La décision de soutenir Seward était cynique à
l'extrême. En ce qui les concerne, ces experts de gauche ne l'ont soutenue que
parce qu'elle servait de candidat de substitution derrière laquelle ils
pouvaient maintenir leur soutien au Parti travailliste et justifier son programme
de mesures autoritaires en s'appuyant sur le problème, émotionnellement très
chargé, des violences sexuelles.
Il reste de la gauche du Parti travailliste et
des cercles de gauche un petit groupe pathétique qui a sauté dans le train en
marche de Davis. Il y a alors deux issues possibles. Soit, ces gens vont se
retrouver directement derrière le parti conservateur, comme ça a été le cas de
certains anciens hommes de gauche avec le régime gaulliste de Nicolas Sarkozy
en France. Ou, comme ils l'ont fait dans la circonscription d'Haltemprice
and Howden, ils vont affirmer que la défense des libertés publiques est une
question « non partisane ». Dans un cas comme dans l'autre, le
résultat final sera d'avorter le développement d'un mouvement politique de la
classe ouvrière.
Devant cet effort concerté pour mobiliser
l'hostilité envers le Parti travailliste derrière Davis, les groupes de gauche
britanniques comme le Socialist Workers Party n'ont rien dit. Ils ont placé
au-dessus de toute question de principe leurs relations opportunistes avec la
gauche du Parti travailliste et des syndicats.

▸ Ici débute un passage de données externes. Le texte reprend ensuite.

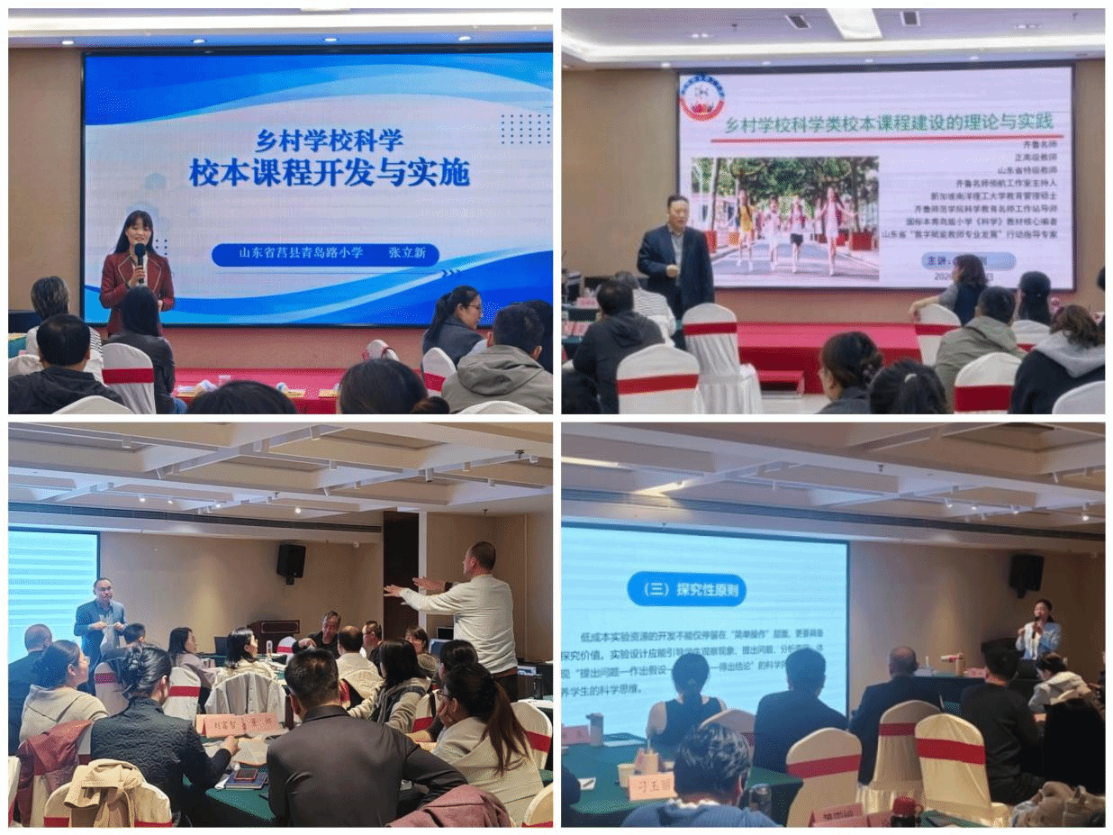 本次活动共邀请5名专家,全部为深耕小学科学教育一线的齐鲁名师、特级教师。山东省特级教师高霞作了《基于课本的项目化学习开发与实施》专题报告,围绕现行小学科学教材,系统阐释低成本实验开发的原则、路径与技巧,重点强调依托生活废旧材料,实现实验教学的生活化、安全性与探究性,为乡村学校破解实验资源不足难题提供了可操作的解决方案。随后,齐鲁名师、特级教师范明刚聚焦《乡村学校科学校本课程建设的理论与实践》,为参训教师厘清校本课程开发的理论框架、核心要素与多元路径,引导教师立足乡村实际,打造具有本土特色的科学课程体系。
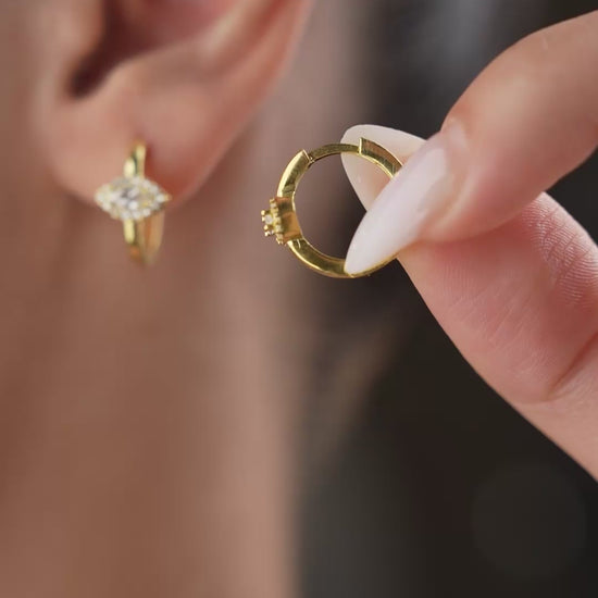 Elegant hoop earrings made of 925 silver with a marquise-cut center stone and shimmering accents.
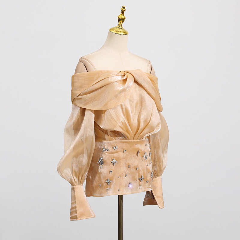 Gentle Temperament Intellectual Style Heavy Embroidery Diamond Sexy One-Shoulder Bow Short Dress
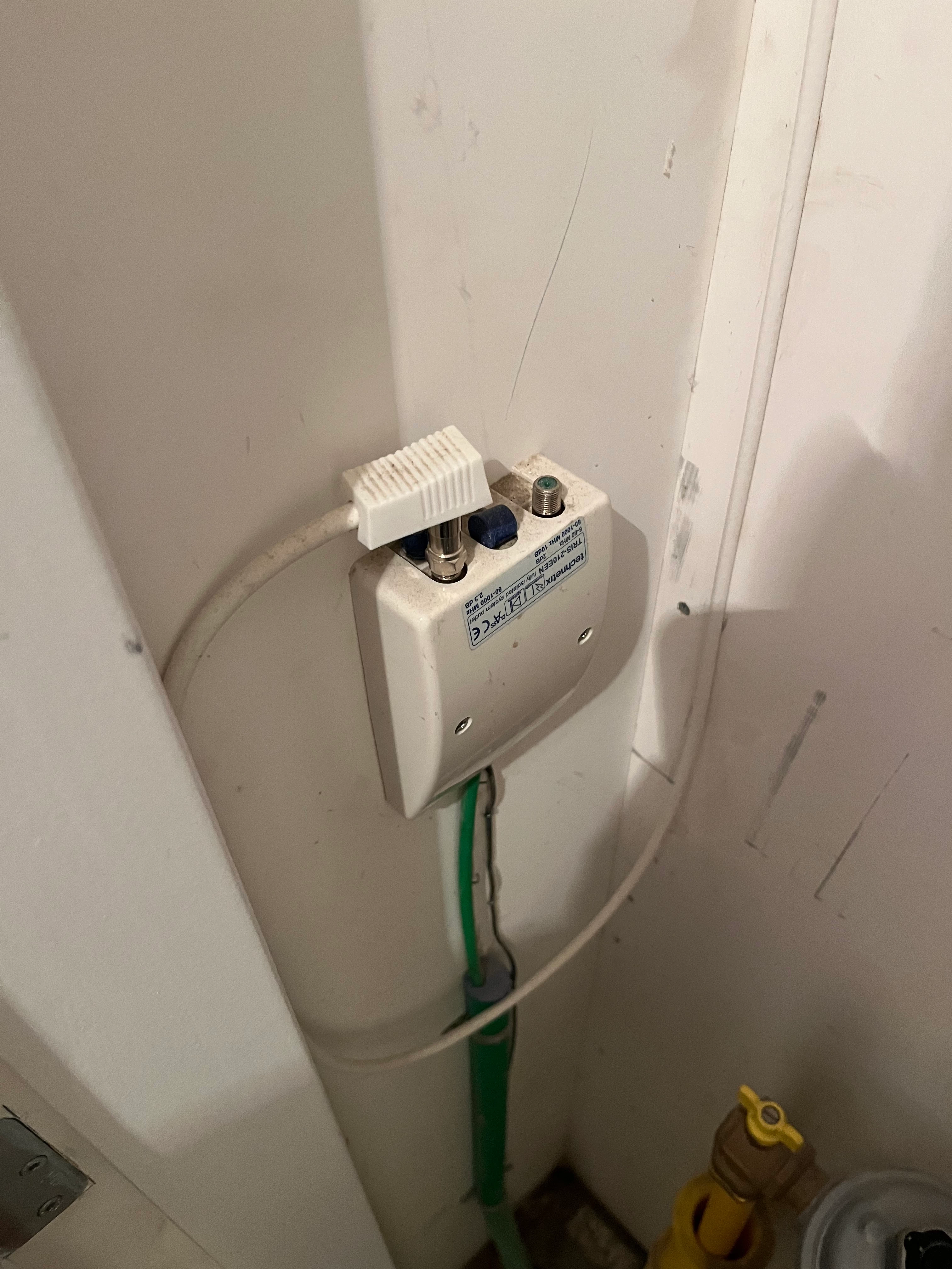 Ik woon in een gesplitst pand aan de 50B. Het betreft een officieel gesplitst bovenappartement met een eigen meterkast. Er is een coax-aansluiting aanwezig (groene kabel) in de woning.
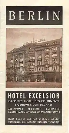 Hotel Excelsior was a hotel in Berlin, Germany. It occupied number 112/113, Königgrätzer Straße (today's Stresemannstrasse) on Askanischer Platz in the Berlin district of Kreuzberg. It was one of the largest and most luxurious hotels in Europe, until its destruction during World War II.
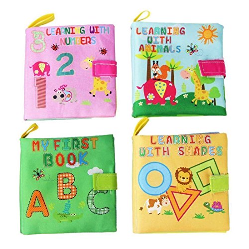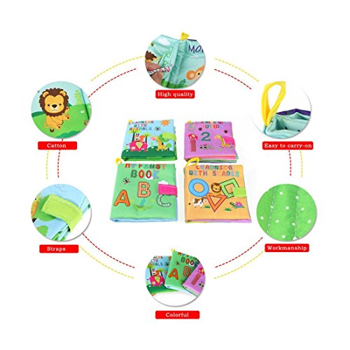 ENCOURAGE EARLY DEVELOPMENT - Baby first book teaches your little one how different things feel by touch with these soft books, watch them get excited over touching different textures, and teaches them basic reading and comprehension, ABC's alphabetic letters,123 numbers and all the different shapes and animals. These cloth books also stimulate baby first year memory
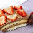 4 Po kremi razporedimo polovico jagod in postopek ponovimo (piškoti, krema, jagode).
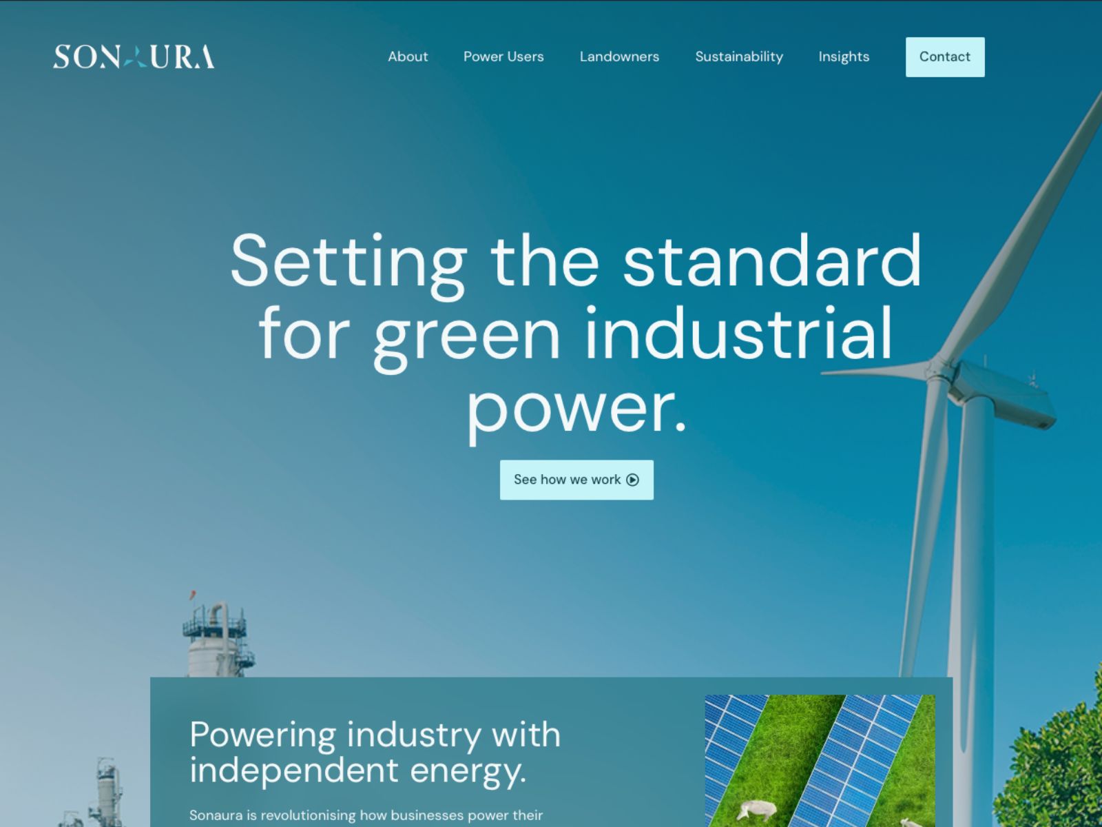 Transformed Sonaura’s website to clearly segment audiences and showcase renewable energy expertise, driving better enquiries and client understanding.

Quel que soit l’avenir du mouvement
naissant qui réunit des conservateurs, des travaillistes et des défenseurs de
la gauche bourgeoise qui gravitent actuellement autour de Davis, un vide
politique s'est ouvert à gauche. Les travailleurs doivent chercher une nouvelle
direction politique. Le Parti de l'égalité socialiste et son candidat Chris
Talbot étaient les seuls à s'opposer aux atteintes aux droits démocratiques
comme aux atteintes aux acquis sociaux des travailleurs commises par le Parti
travailliste. Ce faisant, nous avons posé un jalon pour l’avenir.